De Motu est édité en bilingue français – anglais et sort en juillet 2018 chez Lenka Lente. L’essai n’est pas organisé comme une démonstration cartésienne, mais découpé en cinq chorus de taille et de contenu disparates, mais avec le traitement de la matière sonore comme fil conducteur.

« L’introduction » de De Motu commence par une citation de John Coltrane à qui Zita Carno (pianiste et amie de Trane) montrait une transcription de l’une de ses improvisations : « je crois savoir de quoi il s’agit, mais ne me demandez pas de le jouer ». Tout est dans ce paradoxe, et Parker s’attache à le montrer. Dès le départ Parker précise que free improvisation – improvisation libre ne lui convient plus pour décrire sa musique. Il préfère instant composing – composition instantanée (malgré le côté « café soluble ») parce que ces termes permettent d’éviter « la fausse, mais si courante antithèse selon laquelle l’improvisation se distingue nettement de la composition ».

Dans « Quelques anecdotes et précédents intéressant sur l’homme et la machine », Parker se penche sur son travail sur les harmoniques. Il souligne le lien étroit entre traitement de la matière sonore et aspects physiologiques, comme, par exemple, l’endurance. Il raconte comment Max Eastley lui avait demandé de dialoguer avec l’une de ses installations sonores. Parker avait concentré son improvisation sur les relations harmoniques entre le saxophone et le bourdon émis par la sculpture. Il avait trituré les spectres harmoniques près de quarante-cinq minutes en souffle continu jusqu’à ce quelqu’un lui demande s’il était possible d’écouter les sculptures seules… Pour compléter son propos Parker s’appuie également sur les approches de La Monte Young et Terry Riley.

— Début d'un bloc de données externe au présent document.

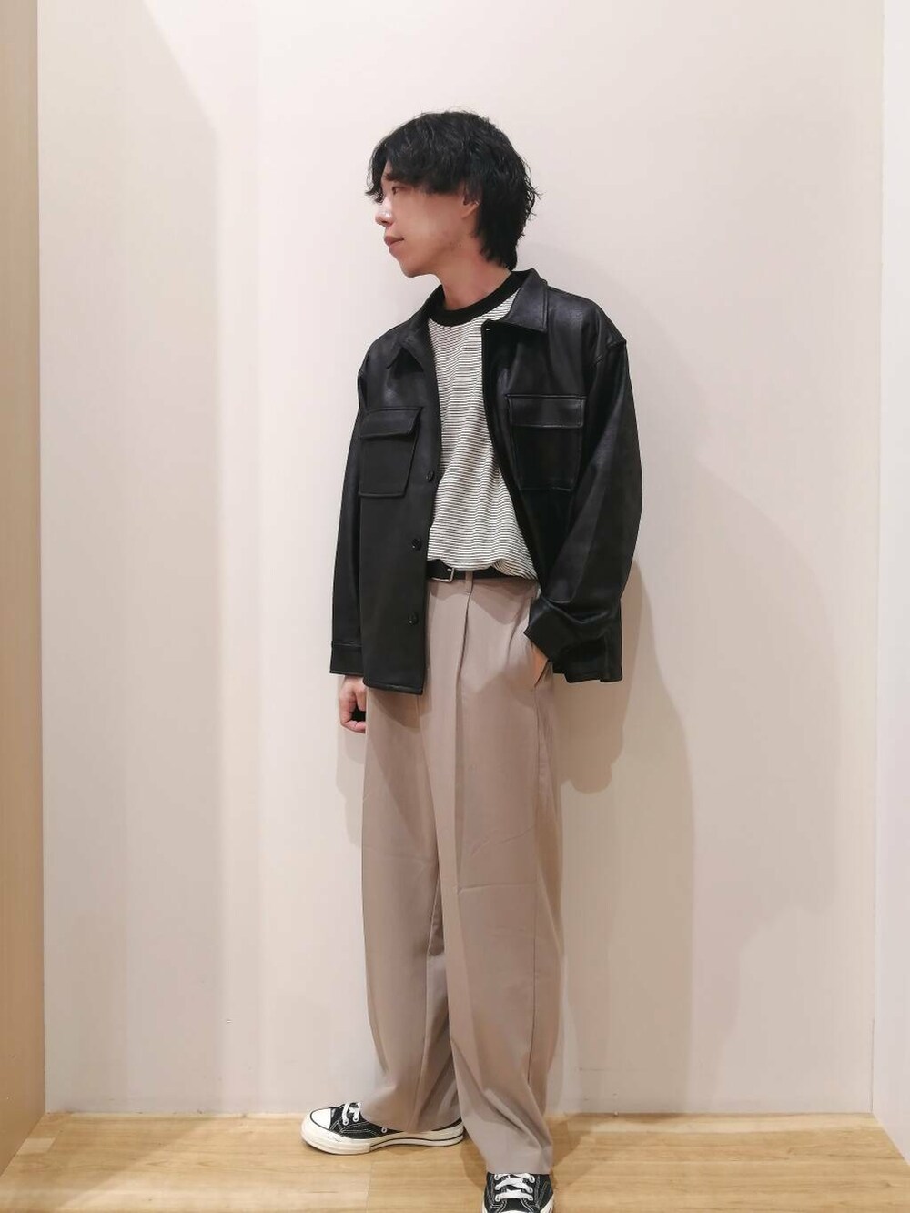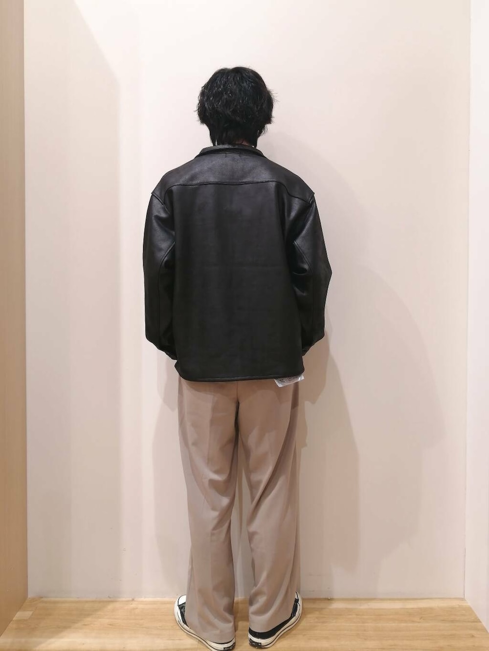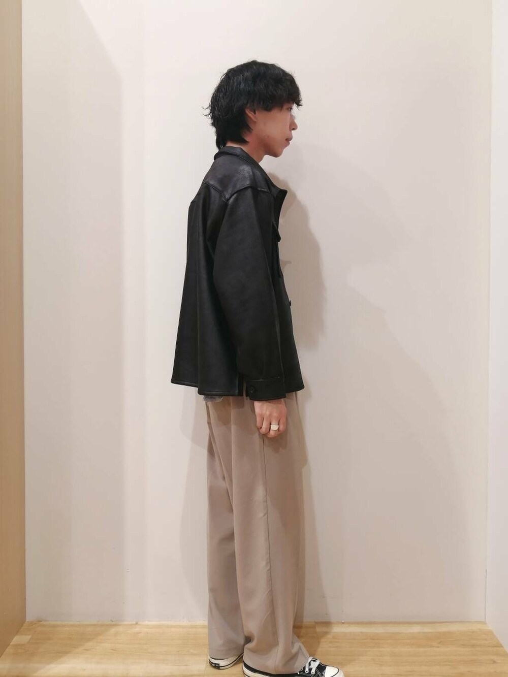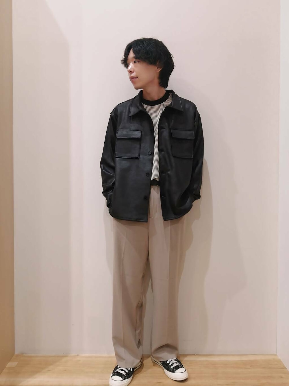 アウターは今季トレンドのレザージャケットになります。

« Toute improvisation menée par un instrumentiste est, en un sens, une improvisation « préparée » ». Ainsi commence « L’improvisation comme méthode de composition ». Parker commence par faire référence à la technique instrumentale, puis revient sur l’influence de la machine via la musique électroacoustique et les conceptions des minimalistes américains, notamment le concept de musique comme « processus en lent mouvement » de Steve Reich. Parker passe ensuite à l’exercice du solo : « selon moi, le défi de l’improvisation en solo réside dans la façon de remplir l’espace ». Il décrit son utilisation de la réverbération pour créer une polyphonie, sa technique d’attaque, la respiration circulaire, les jeux sur les harmoniques, la polyrythmie… Pour la constitution de son bagage musical, Parker fait référence à Charlie Parker, Pharoah Sanders, Wayne Shorter, Jan Garbarek, Roland Kirk, Steve Lacy, John Tchicai, Dewey Redman… mais aussi le label Ocora et le théoricien Sigurd Rascher, avec son manuel de référence, Top Tones for Saxophones. Tout cela pour montrer que De Motu n’est pas une improvisation tombée du ciel, même si « la pièce intitulée De Motu (pour Buschi Niebergall) sera une improvisation composée uniquement et expressément pendant cette performance du vendredi 15 mai 1992 à Rotterdam (Zaal de Unie) ».

Dans le court passage intitulé « Philosophie », Parker souligne l’importance du contexte socio-historique lors de la création d’une œuvre.

Enfin, dans « Particularités de la préparation pour Rotterdam », l’artiste explique comment il a conçu cette œuvre, en notant des motifs, comme des esquisses dans un carnet de croquis, pour lui servir de canevas et improviser sous contrôle.

L’essai de Parker est un témoignage vécu et pertinent sur le processus créatif d’une improvisation spontanée.